Exercise: Leave out any pictures and transcribe all other data below exactly.

[Items from a dataset]
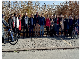
Başarılı Akademik Kadro
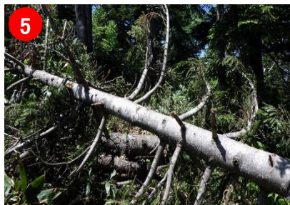
笠ヶ岳方面へは倒木やぬかるみが多いのでご注意ください。
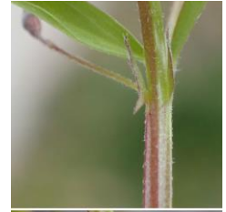
カスマグサの托葉 230226
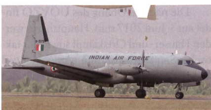
Transportflugzeug AVRO HS-748.

Laut dem Luftwaffenchef Birender Singh Dhanoa will Indien erneut einen Anlauf starten, um 56 mittelschwere Militärtransporter zu beschaffen. Dabei stehen die Karten für den C-295 gut. Die ersten 16 Maschinen könnten direkt ab dem Airbus Werk in Spanien geliefert werden, während die übrigen Maschinen dann in Indien

Written answer:
Başarılı Akademik Kadro
笠ヶ岳方面へは倒木やぬかるみが多いのでご注意ください。
カスマグサの托葉 230226
Transportflugzeug AVRO HS-748.

Laut dem Luftwaffenchef Birender Singh Dhanoa will Indien erneut einen Anlauf starten, um 56 mittelschwere Militärtransporter zu beschaffen. Dabei stehen die Karten für den C-295 gut. Die ersten 16 Maschinen könnten direkt ab dem Airbus Werk in Spanien geliefert werden, während die übrigen Maschinen dann in Indien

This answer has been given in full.